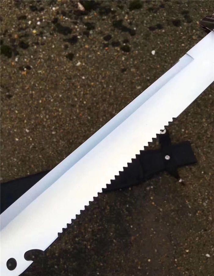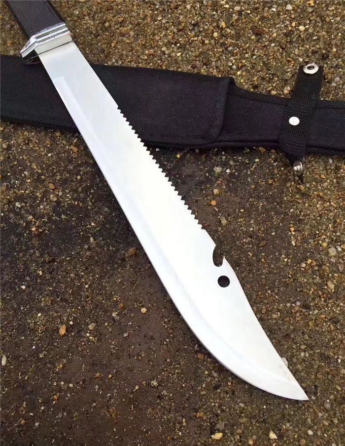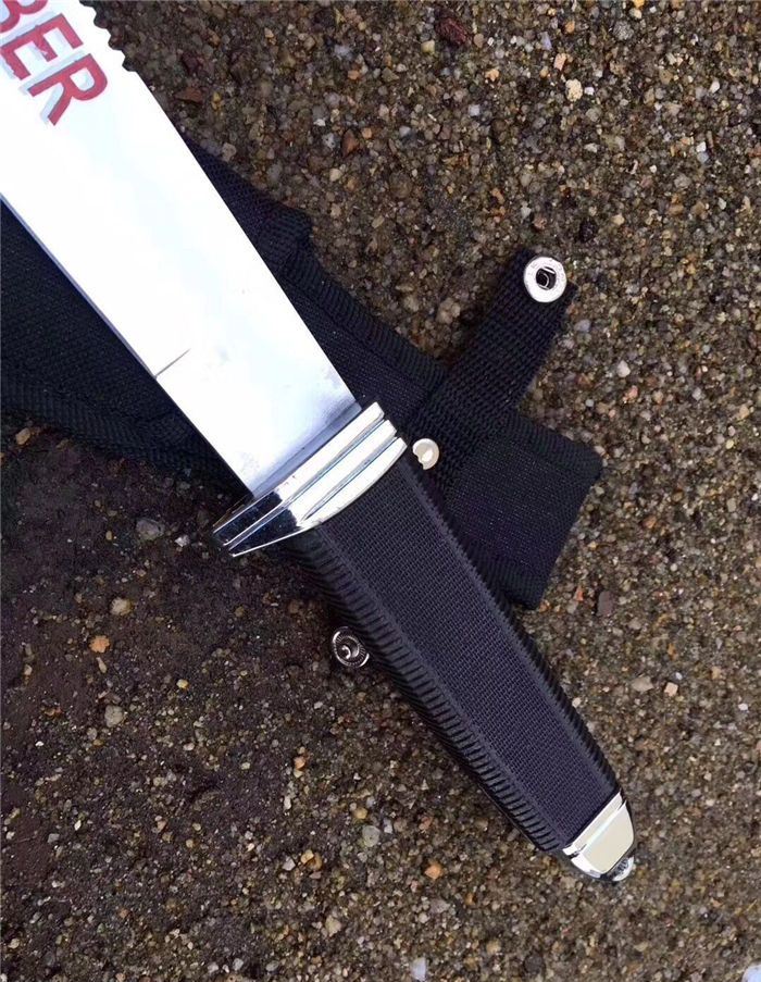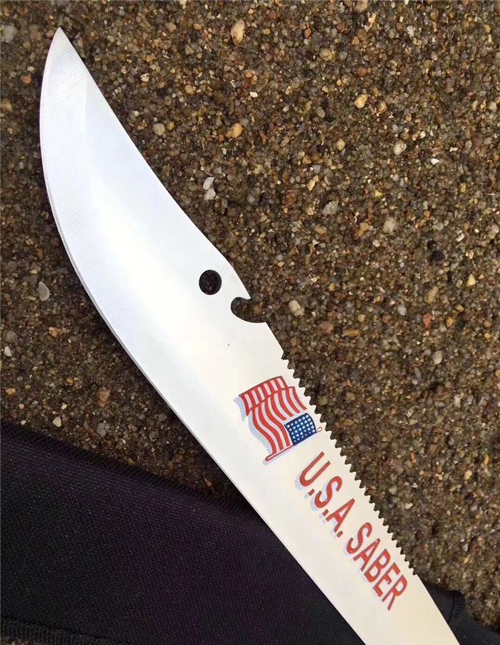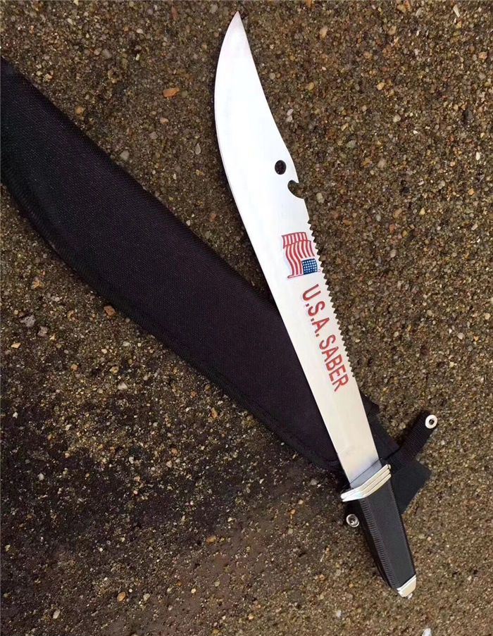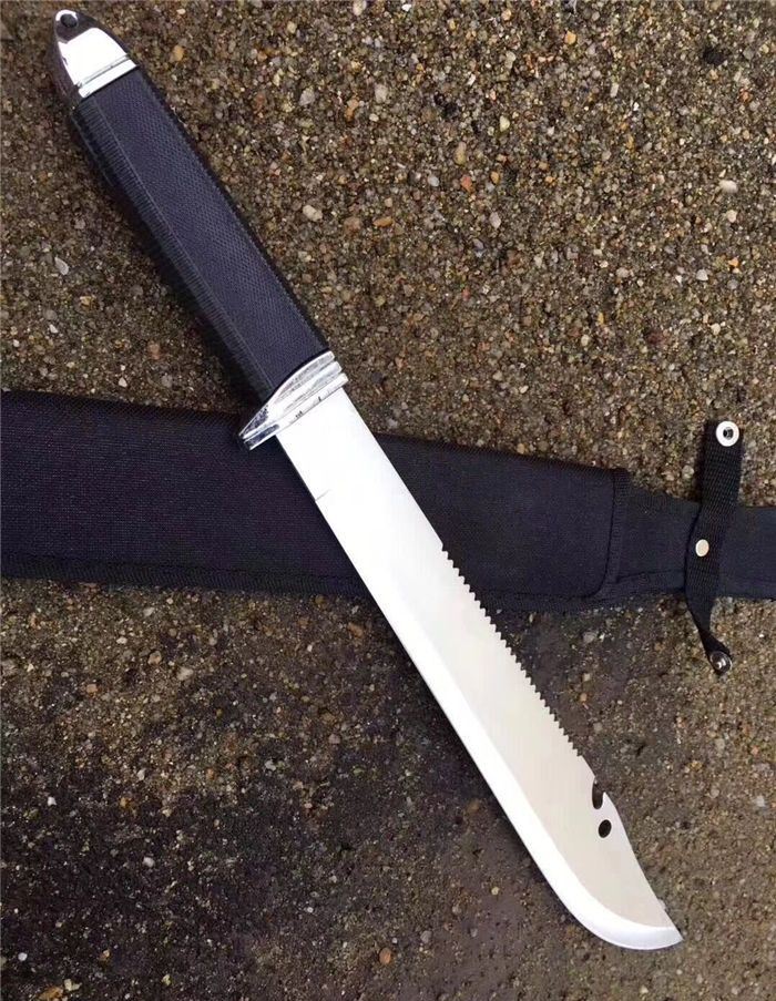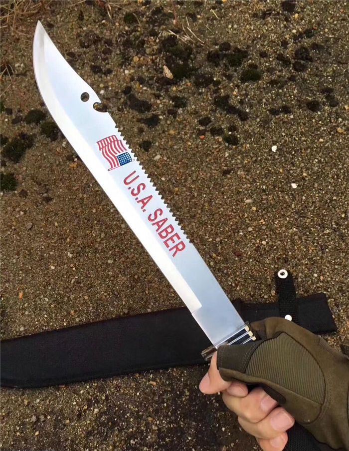 USA开山刀 全 长:52cm 刃 长:41cm 刃 厚:3.5mm 刃 材:420J2 柄 材:橡塑 硬 度:57Hrc 表 面:氧化黑 刀 套:尼龙 净 重:450g
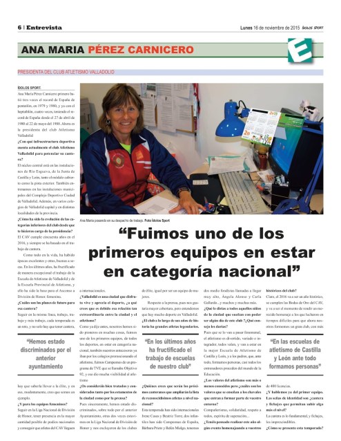 Chula, no, rechula, la entrevista que han hecho a Ana, la Presi, y en la que narra el pasado, el presente y el futuro del Club Atletismo Valladolid, que tiene 49 años de vida, que ha tenido momentos dulces y otros, menos dulces (nunca amargos…), que ha vivido épocas de economía saneada (y donde ha sido buena hormiguita…) y otras, pues no tan saneada, pero que lleva, eso, medio siglo siendo un equipo puntero en el atletismo femenino español… y tambien con los chicos..
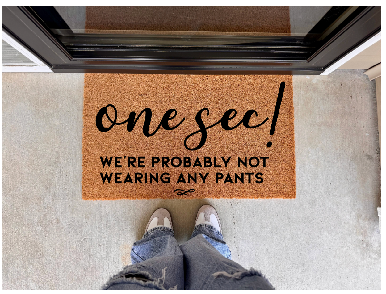 This doormat is for those who need a moment to get ready. The "One Sec!" design gives a friendly reminder to not rush while getting dressed. Enjoy the convenience and discretion this doormat provides.
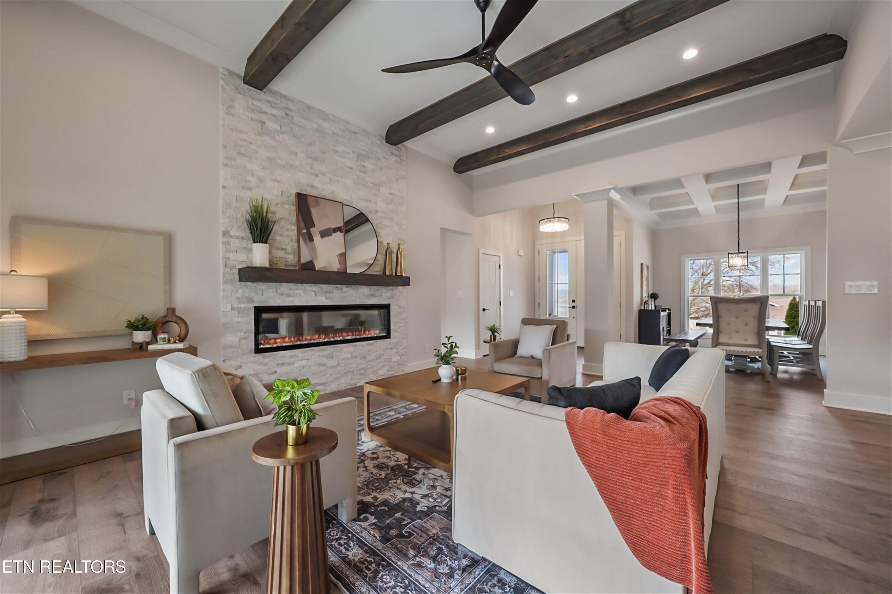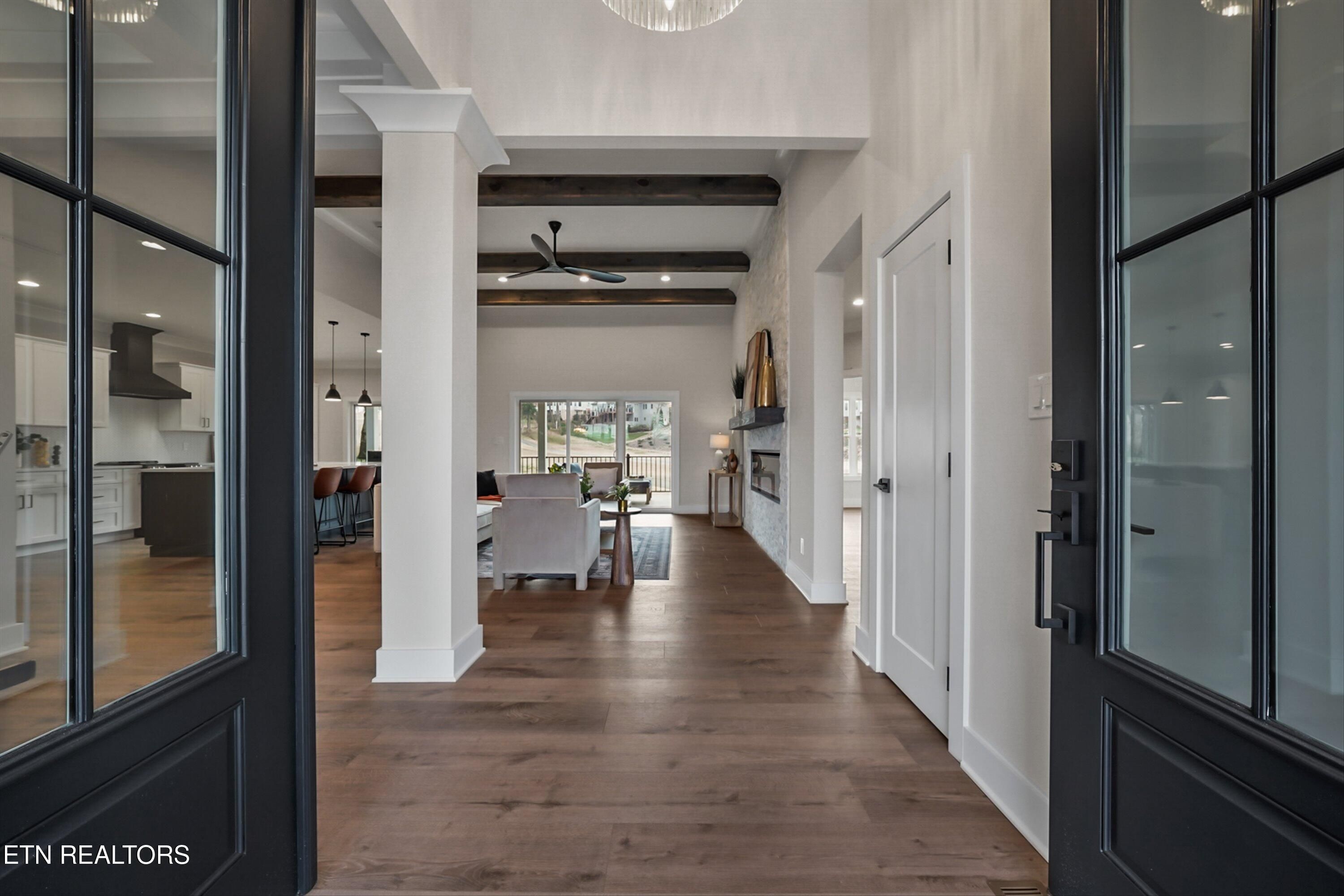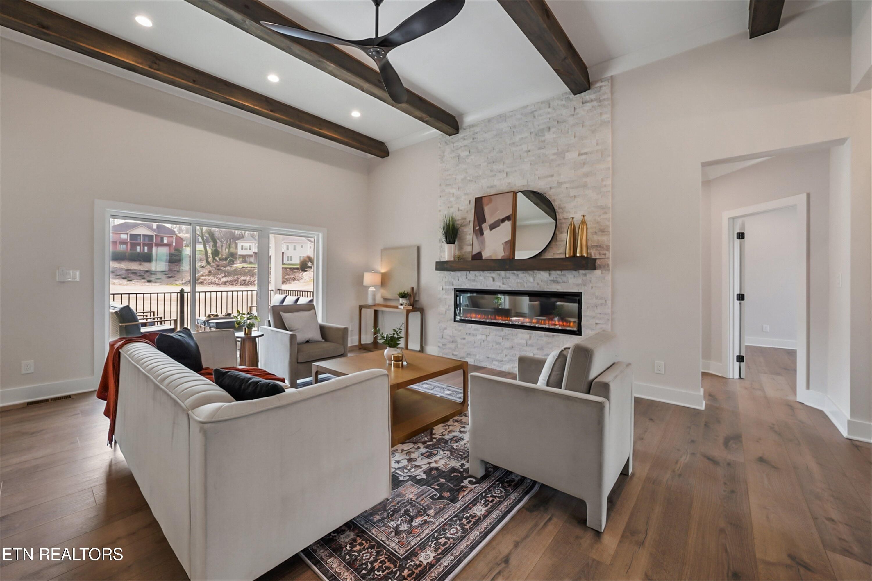 The last new home on Toqua Golf Course, ideally positioned on a quiet cul-de-sac with golf-front views and glimpses of Tellico Lake. Thoughtfully designed for main-level living, this 4BR/4.5BA residence features 12-ft ceilings with wood beams, hardwood floors, quartz countertops, and a GE Café appliance package. Expansive glass doors open to a 60-ft covered deck overlooking the course -- ideal for relaxed mornings or evening entertaining. The main-level primary suite offers 11-ft ceilings, a spa-inspired bath with oversized walk-in shower, and a generous walk-in closet. Downstairs includes an 850+ sq ft heated and cooled garage retreat with private safe room -- perfect for hobbies, storage, or secure space. A rare opportunity to own the final newly built home on Toqua Golf Course at a significantly improved price. Private showings available.
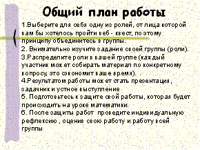 Работа над квестом займет у вас два урока. На первом уроке Вам необходимо разделиться на группы (по 5 человек), выбрать роль, познакомиться с ролевыми заданиями. Слайд 10.
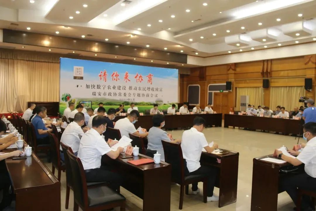 8月6日,瑞安市政协十三届二十六次常委会会议在市政大院多功能厅召开,市政府与市政协就《加快数字农业建设 推动农民增收致富》议题开展专题协商。市领导管秀云、池万松、陈良明、倪希杰、陈荣臻、钱定荣、吴功宜、黄陈跃和相关部门负责人参加协商活动。
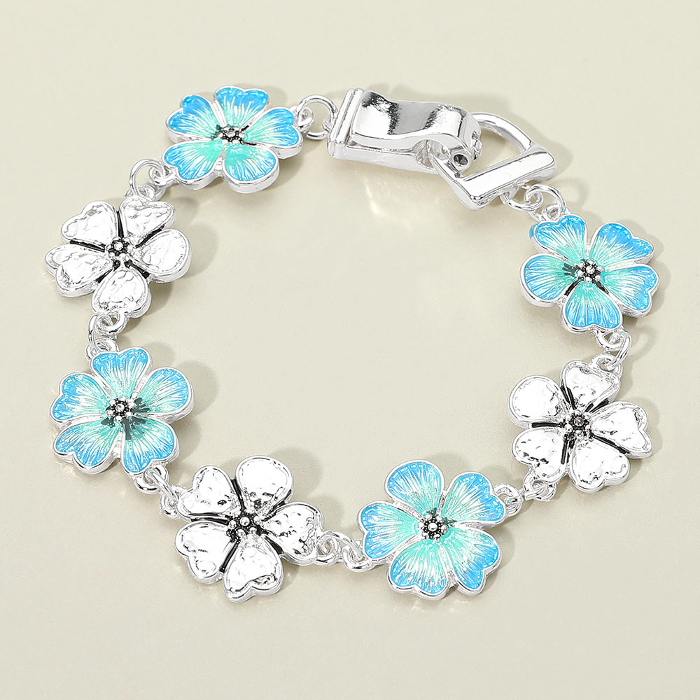 • Elegant floral charm bracelet featuring linked flower accents and a secure magnetic clasp. Designed with sculpted petal details and a polished finish, this bracelet adds a graceful touch to everyday outfits, gifting collections, and seasonal accessory assortments with effortless wear appeal.
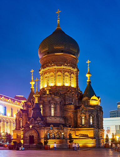 Harbin - is the capital of Heilongjiang, China’s northernmost province. The city grew in the late 19th century with the influx of Russian engineers constructing the eastern leg of the Trans-Siberian Railroad. The city's Russian architecture includes its green-domed Saint Sophia Cathedral, an Eastern Orthodox church now a local history museum. Across the river, Sun Island Park is famed for year-round ice sculptures.
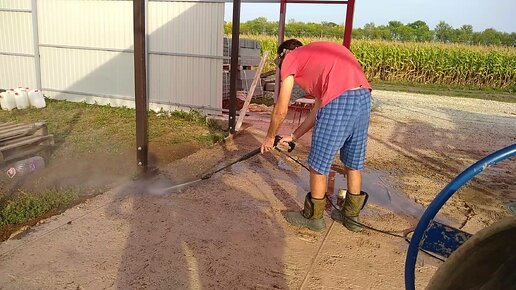 Ещё одно применение бытовой мини-мойки. Чищу стоянку перед выравниванием.
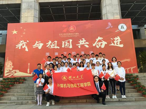 为庆祝新中国成立70周年,我院师生代表于10月1日在思睿广场(综合楼门前)参加学校组织的升国旗活动。6点30分,学院书记潘永才、副书记熊琳及师生代表四十人身着正装,佩戴校徽,一起等待迎接庄重的升旗仪式。

- HOW TO COMPLETE THIS TASK -
Could you write out exactly the lines running from the one with "8月6日,瑞安市政协十三届二" through the last line of the data above, both ends kept, and omit any picture?

- TASK OUTPUT -
 8月6日,瑞安市政协十三届二十六次常委会会议在市政大院多功能厅召开,市政府与市政协就《加快数字农业建设 推动农民增收致富》议题开展专题协商。市领导管秀云、池万松、陈良明、倪希杰、陈荣臻、钱定荣、吴功宜、黄陈跃和相关部门负责人参加协商活动。
 • Elegant floral charm bracelet featuring linked flower accents and a secure magnetic clasp. Designed with sculpted petal details and a polished finish, this bracelet adds a graceful touch to everyday outfits, gifting collections, and seasonal accessory assortments with effortless wear appeal.
 Harbin - is the capital of Heilongjiang, China’s northernmost province. The city grew in the late 19th century with the influx of Russian engineers constructing the eastern leg of the Trans-Siberian Railroad. The city's Russian architecture includes its green-domed Saint Sophia Cathedral, an Eastern Orthodox church now a local history museum. Across the river, Sun Island Park is famed for year-round ice sculptures.
 Ещё одно применение бытовой мини-мойки. Чищу стоянку перед выравниванием.
 为庆祝新中国成立70周年,我院师生代表于10月1日在思睿广场(综合楼门前)参加学校组织的升国旗活动。6点30分,学院书记潘永才、副书记熊琳及师生代表四十人身着正装,佩戴校徽,一起等待迎接庄重的升旗仪式。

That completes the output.